▶ [EXERCISE DATA]
--- --- ---

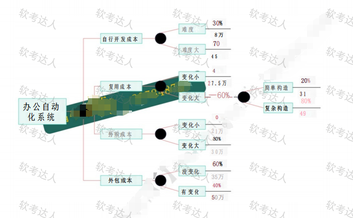 件 ;③外 购现成的软件 产品;④外包 给专 业公司 开发。针 对 这几种 方式,项 目经 理提 供了如 下 图所 示的决 策
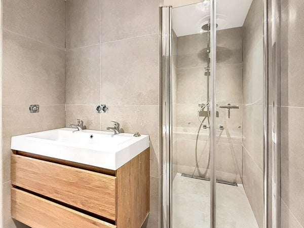 Die Wohnung verfügt über ein helles Wohnzimmer mit modernem Finish und praktischer Aufteilung. Die offene Küche fügt sich nahtlos ein und ist in einem zeitgemäßen Stil gestaltet. Das Schlafzimmer ist geräumig und bietet ausreichend Platz für ein Doppelbett und Stauraum. Das Badezimmer ist stilvoll und modern eingerichtet.
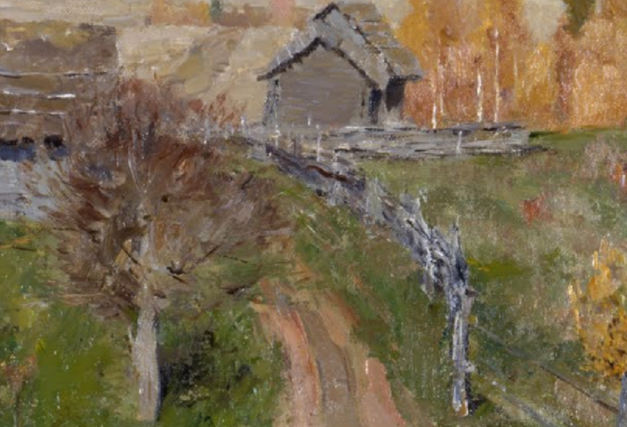The traditional gathering of autumn leaves, the special transparency of the air and the feeling of sorrow at the passage of summer found a lively response in the artist’s soul. Animating the world of nature with subtle emotions, Levitan creates a mood landscape, expressing the beauty of nature with the help of rich and complex paintwork. Growing among the peasant allotments divided by a narrow, stooping hedge, the young birch tree shows off its still magnificent foliage. This is the most active patch of paint in the entire canvas, uniting the slightly muffled tones of the rest of the colour orchestra.

--- --- ---

Print all the material above exactly, and drop the images.

▶ [TASK RESULT]
 件 ;③外 购现成的软件 产品;④外包 给专 业公司 开发。针 对 这几种 方式,项 目经 理提 供了如 下 图所 示的决 策
 Die Wohnung verfügt über ein helles Wohnzimmer mit modernem Finish und praktischer Aufteilung. Die offene Küche fügt sich nahtlos ein und ist in einem zeitgemäßen Stil gestaltet. Das Schlafzimmer ist geräumig und bietet ausreichend Platz für ein Doppelbett und Stauraum. Das Badezimmer ist stilvoll und modern eingerichtet.
The traditional gathering of autumn leaves, the special transparency of the air and the feeling of sorrow at the passage of summer found a lively response in the artist’s soul. Animating the world of nature with subtle emotions, Levitan creates a mood landscape, expressing the beauty of nature with the help of rich and complex paintwork. Growing among the peasant allotments divided by a narrow, stooping hedge, the young birch tree shows off its still magnificent foliage. This is the most active patch of paint in the entire canvas, uniting the slightly muffled tones of the rest of the colour orchestra.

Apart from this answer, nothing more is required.